Here are the results of all tests from our solution - you should verify that your results match:

BST:
  pre-order: 64 8 4 32 16 128 512 256
  in-order: 4 8 16 32 64 128 256 512
  post-order: 4 16 32 8 256 512 128 64
  sum: 1020
  count: 8
  contains 64? Y
  contains 4? Y
  contains 16? Y
  contains 128? Y
  contains 17? N
  contains 512? Y
  . . .
Empty BST:
  pre-order:
  in-order:
  post-order:
  sum: 0
  count: 0
  contains 16? N

Be aware, however, that more rigorous testing will be done when your work is submitted (a different program is used for testing your functions, some with random data).

Step 4: Implement predecessor, successor, and remove

Your final task for this lab is to implement getPredecessor(), getSuccessor(), and remove(). The predecessor of a value is the next lowest value, while the successor is the next highest. Note that these functions should be implemented using the inherent structure of the binary tree, not by an exhaustive search for the next value.

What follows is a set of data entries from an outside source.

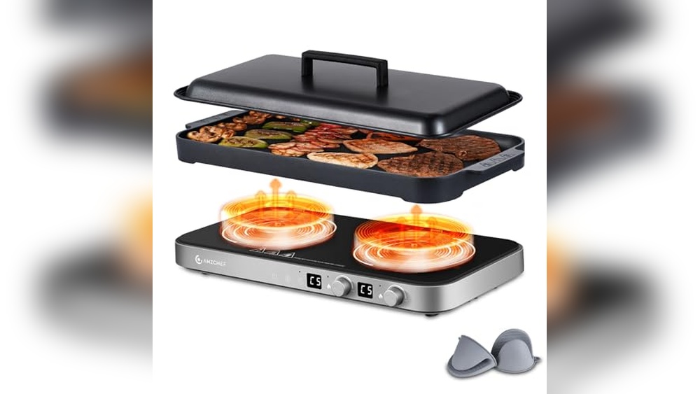 1. AMZCHEF Double Induction Cooktop with Removable Griddle Pan Non-stick, 1800W 2 burner Portable Induction Stove With Sensor Touch 9 Power Levels, 99 Min Timer, Iron Grey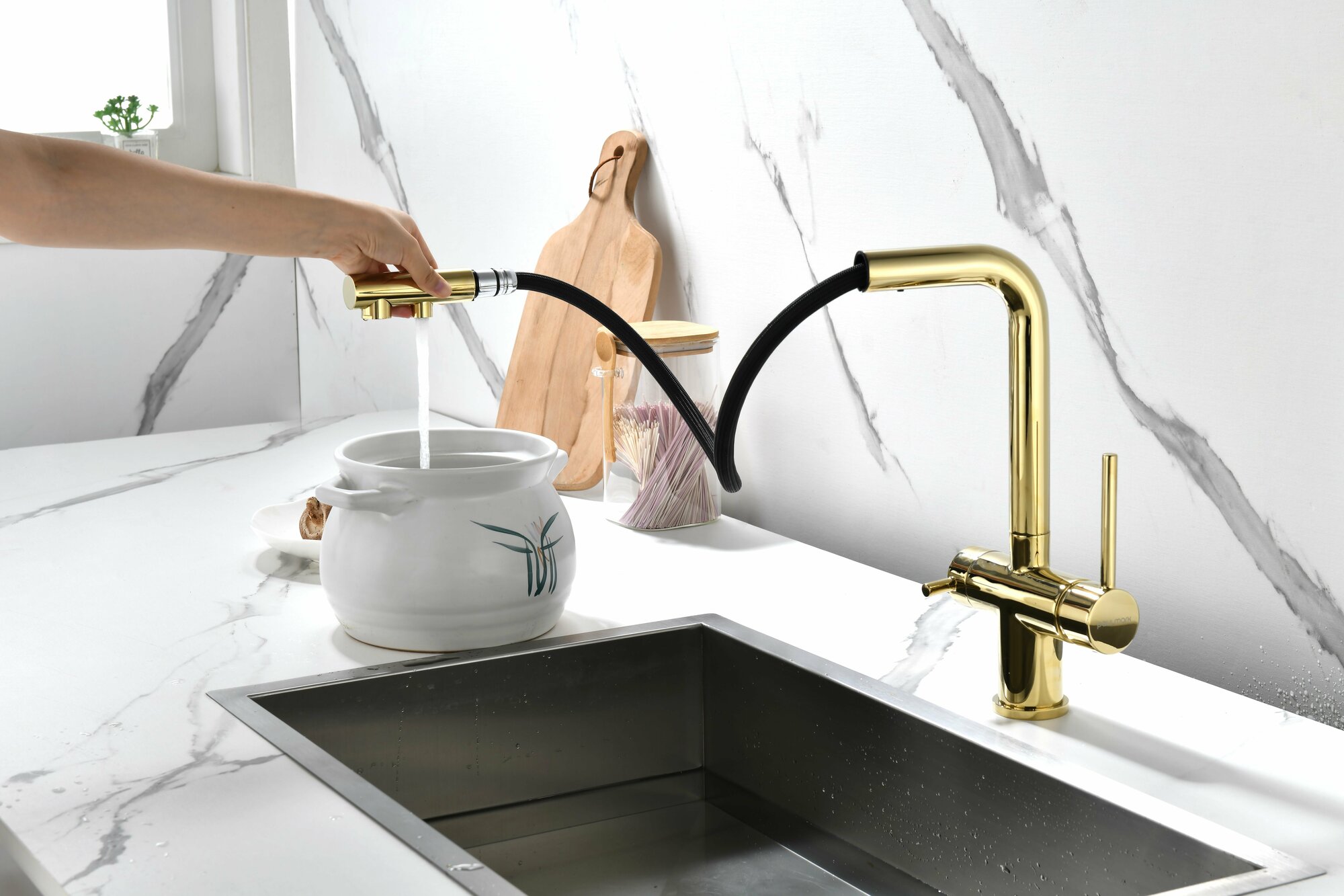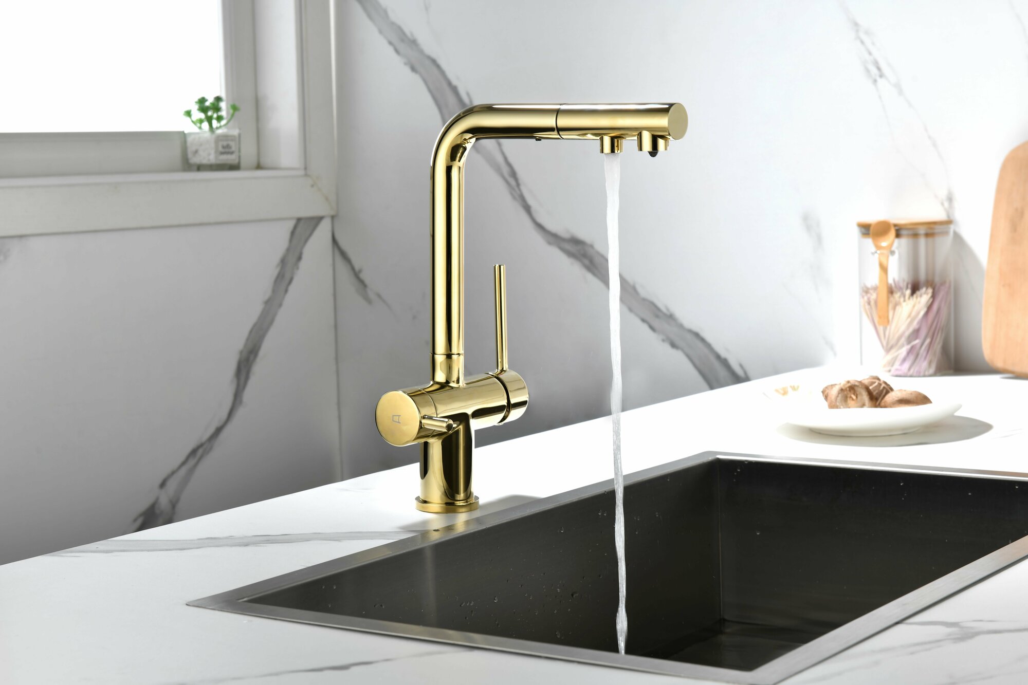 выдвижной, гибкий, поворотный, Дополнительный излив для питьевой воды, С режимом "душ", Совмещенный излив для питьевой воды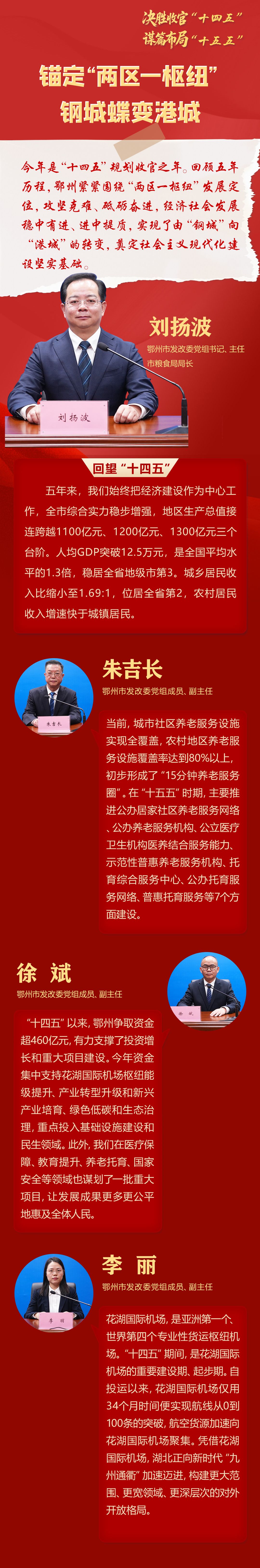荆楚网(湖北日报网)讯(记者 刘璐 阮琼 通讯员 胡彦)11月6日,鄂州市召开“决胜收官‘十四五’ 谋篇布局‘十五五’”系列主题新闻发布会。鄂州市发改委围绕鄂州市“十四五”规划实施情况和主要成就进行专题发布。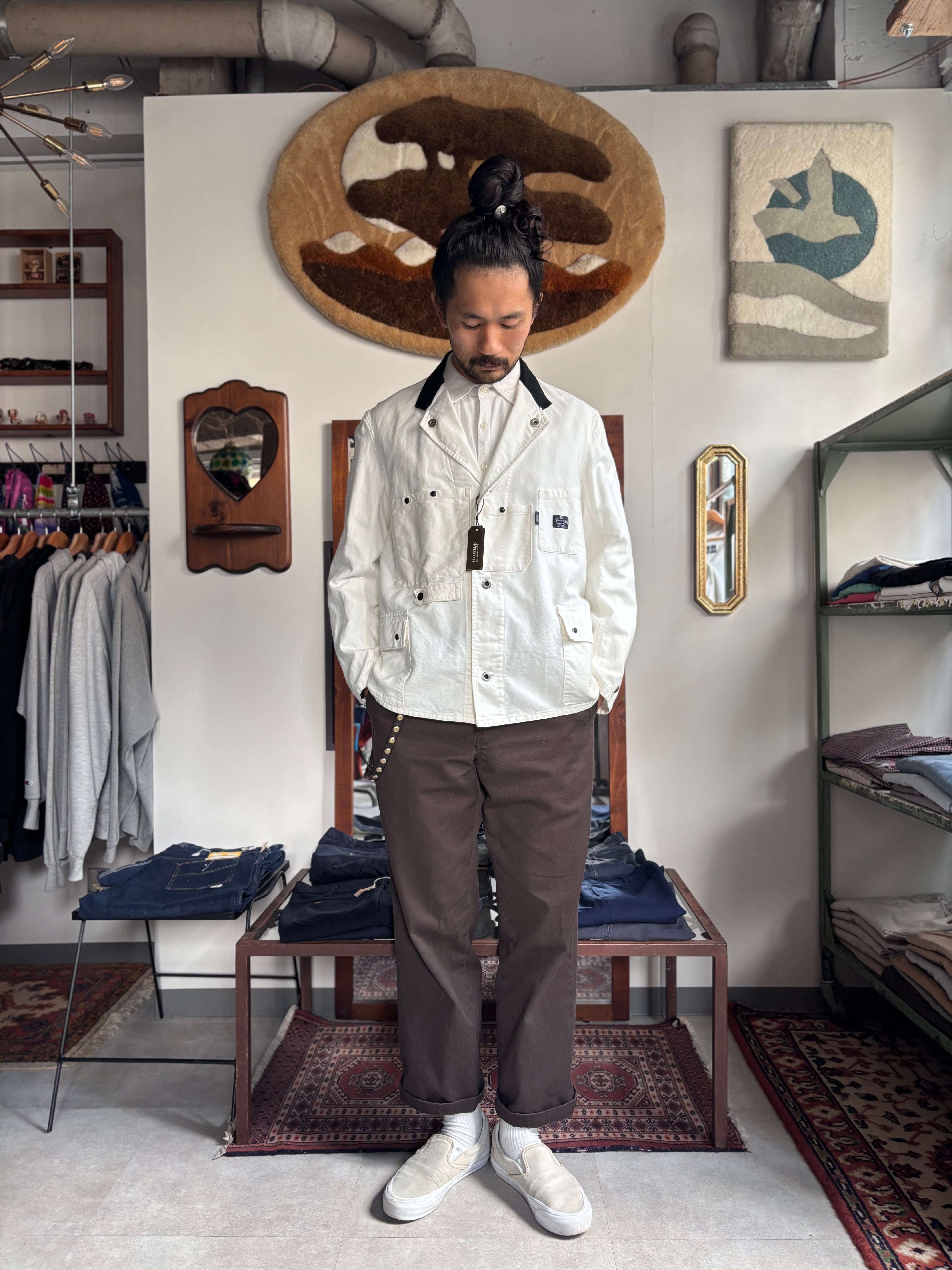 アウトドア、ワーク、ミリタリー、ドレス等の昔から変わらないクラシックなポケットディテールを用い、配置や組み合わせのバランスが生む心地よい違和感をデザイン。

It will very likely be helpful to draw out the tree (the pre-order print can help you with this) when understanding how to implement getPredecessor() and getSuccessor(). If the element passed to the function is the first (for predecessor) or last (for successor) element in the tree, the function should return 0. It should also return 0 if the value is not present in the tree. Both of these functions will likely be harder to implement than any of the prior functions in this lab. However, correct implementations of getPredecessor() and getSuccessor look VERY similar, so you will likely be able to reuse a lot of your logic.

Finally, move on to remove(), which is likely the hardest algorithm you will be asked to implement this quarter. It is not excessively complicated in principle, but getting it completely right can take a while. Consider switching off pilot and navigator as you are debugging your implementation. You will probably find it helpful to use either getPredecessor() or getSuccessor() in remove(). You can also use remove() inside of itself, though it should NOT be a recursive function–the difference being that only one additional call of remove() should EVER occur. As with predecessors and successors, drawing the tree will be very helpful.

A correct implementation of all functions should produce the following output from testbst when selecting option 0:

BST:
  pre-order: 64 8 4 32 16 128 512 256
  in-order: 4 8 16 32 64 128 256 512
  post-order: 4 16 32 8 256 512 128 64
  sum: 1020
  count: 8
  contains 64? Y
  contains 4? Y
  contains 16? Y
  contains 128? Y
  contains 17? N
  contains 512? Y
  predecessor of 64 is: 32
  predecessor of 512 is: 256
  predecessor of 4 is: 0
  successor of 64 is: 128
  successor of 512 is: 0
  successor of 4 is: 8
  removing 4
  removing 64
  removing 128
  contains 64? N
  contains 4? N
  contains 16? Y
  contains 128? N
  contains 17? N
  contains 512? Y
  in-order: 8 16 32 256 512
Empty BST:
  pre-order:
  in-order:
  post-order:
  sum: 0
  count: 0
  contains 16? N

Step 5: Create a testbench in a file test_intbst.cpp

In a file named test_intbst.cpp, include code to test all the functions that you implemented in intbst.cpp. Make sure that this file is compilable.

Step 6: Submit your revised intbst.cpp, test_intbst.cpp and intbst.h

You are allowed to modify intbst.h, though you should not need to, so submit both intbst.cpp and intbst.h to Gradescope for a grade out of 100.